Really Simple Atom Syndication

Paul Brown @ 2007-02-27T04:06:00Z

Herein post 4 of n on my hobby project to rewrite my personal publishing software in Haskell. Herein, I create a economically-driven approach to Atom syndication format for entries and comments. By citing economics as the prime motivator, I mean that I'm aiming neither for the most complete nor the most elegant implementation except where those two overlap with exigency.

Required Reading

To make sure that I knew enough about Atom, I read through the Atom Syndication Format RFC (I prefer the plain text to the pretty version), the introduction at AtomEnabled.org, and Mark Pilgrim's note on How to make a good ID in Atom. After reading so many specifications that either use flabby XML Schema (like WSDL) or ad hoc XML (like RSS 2.0), the use of RELAX NG compact syntax in the RFC was a breath of fresh air.

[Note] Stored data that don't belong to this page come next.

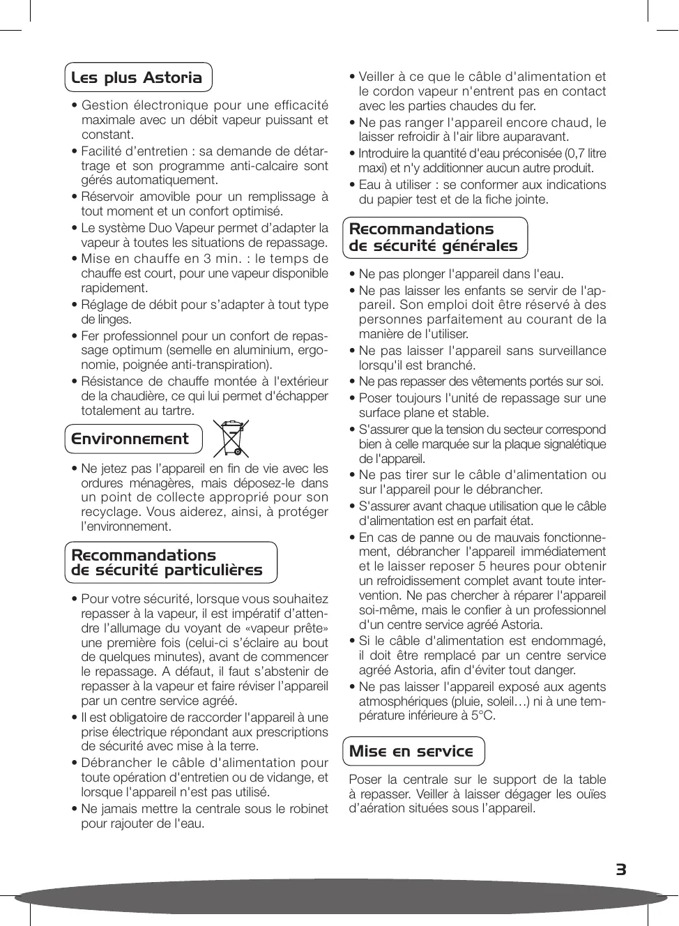 Avec cet apparéil, vous avons fait l'acquisition d'un article de qualité, bénéficiant de toute l'expérience d'Astoria dans le domaine du petit électroménager. Il répond aux critères de la qualité Astoria : les mêleurs matériaux et composants ont été utilisés pour sa fabrication, et il a été soumis à des contrôleires rigoureux.
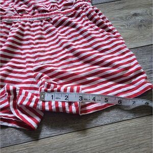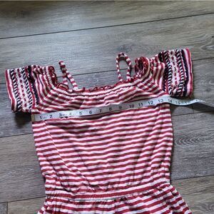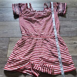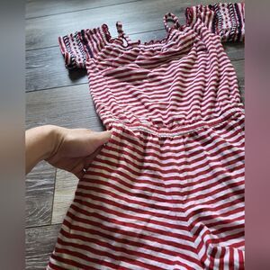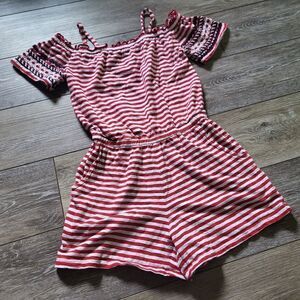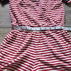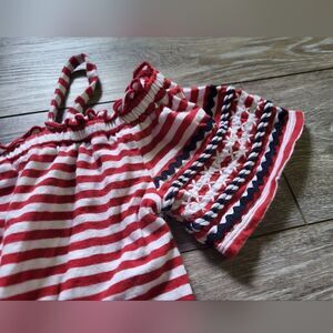 Patriotic girls romper. red & white stripes with navyblue details on the sleeves
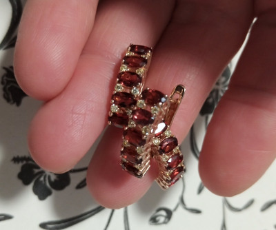 Серебряное кольцо с фианитами и гранатами природными
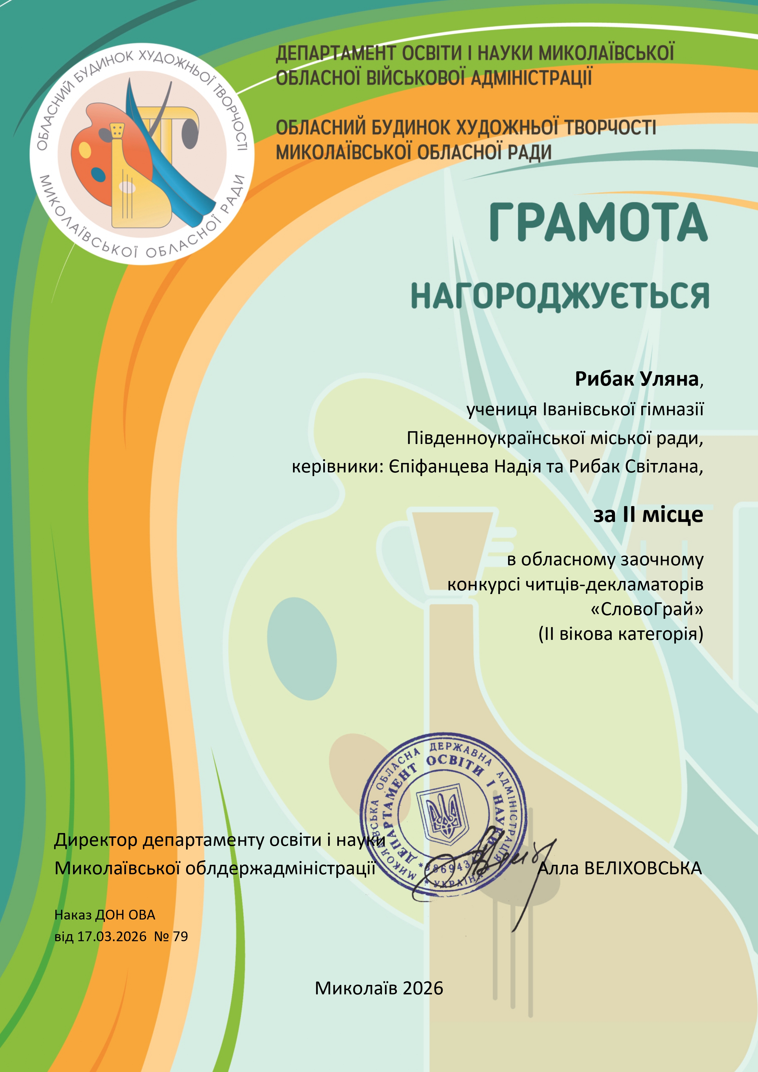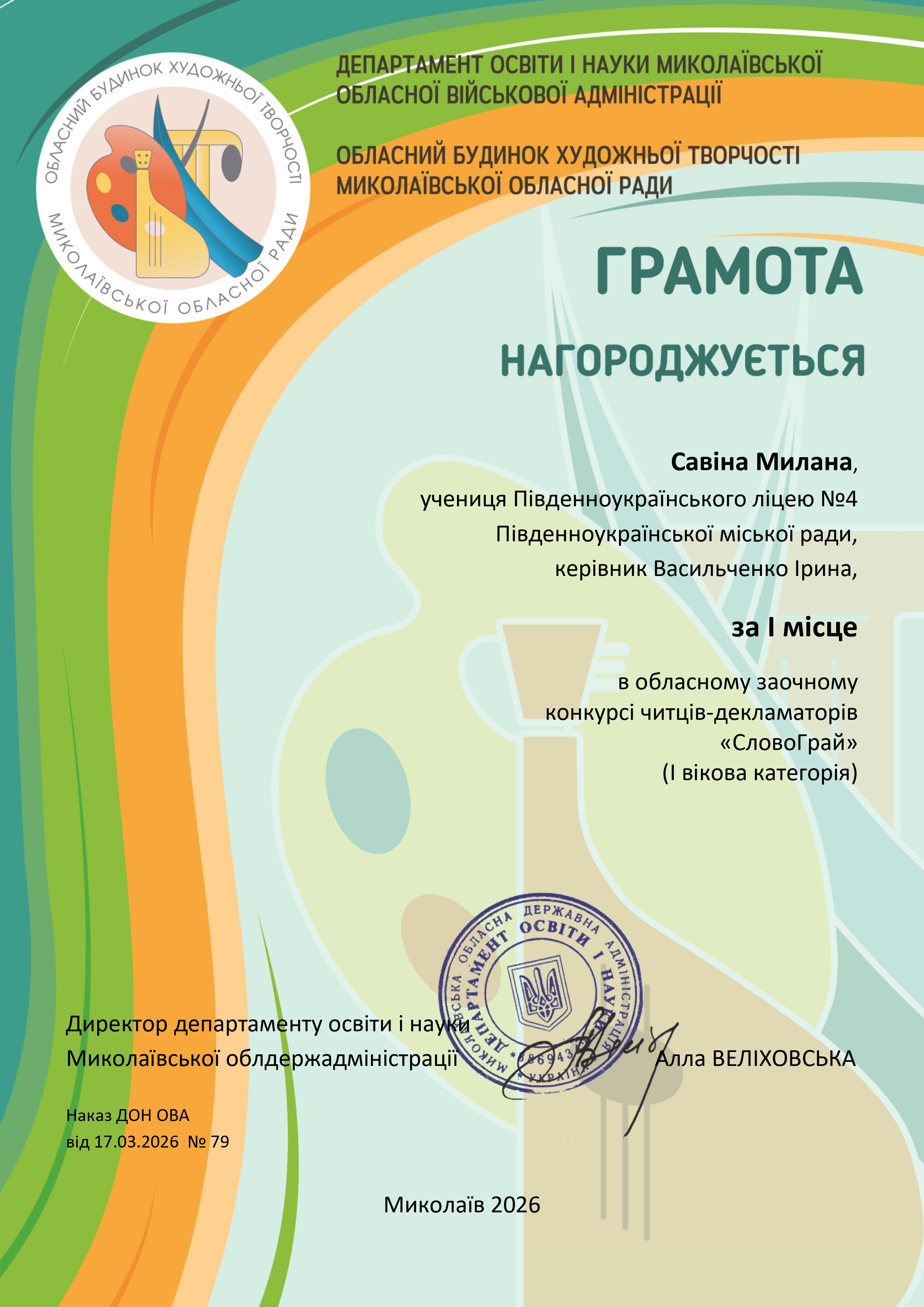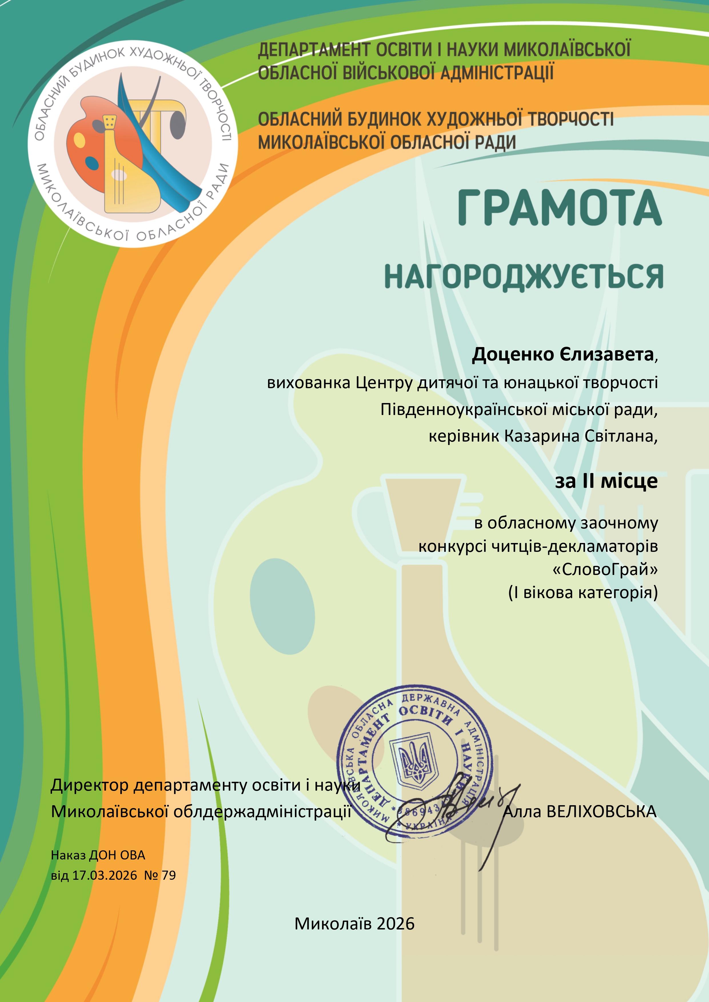 З метою пошуку та підтримки талановитої, обдарованої молоді, становлення самодостатнього громадянина-патріота України, вшанування пам’яті видатних українських поетів, популяризації творчості сучасних українських авторів, які своєю поезією виховують у молодого покоління патріотичний дух та любов до рідної країни, з 13 січня по 23 лютого 2026 року обласним Будинком художньої творчості Миколаївської обласної ради, проведено обласний етап заочного конкурсу читців-декламаторів "СловоГрай". Південноукраїнську громаду представили три учасниці, які продемонстрували творчі здібності, високий рівень підготовки, володіння основами художнього читання, уміння тримати увагу глядачів та сценічну культуру.

Really Simple Atom Data Model

The first set of design decisions I made were what to throw out from Atom. I decided to omit the atom:contributor construct entirely as well as atom:author is sufficient for my purposes, and atom:source and attributes on atom:link other than @rel and @href weren't going to be any use to me, either. I decided to omit the @scheme and @label attributes on atom:category since all of my @term values will be human readable and don't plan on using any scheme other than my own. I decided to omit any specific constraints on components that might otherwise be URIs, RFC3339-formatted date/time, or other — String will do for now, and I'll make sure that properly formatted data (including escaping as necessary) is used in the first place. I also decided to leave any of the sequencing and quantity constraints out of the model, as this will be an internal model only.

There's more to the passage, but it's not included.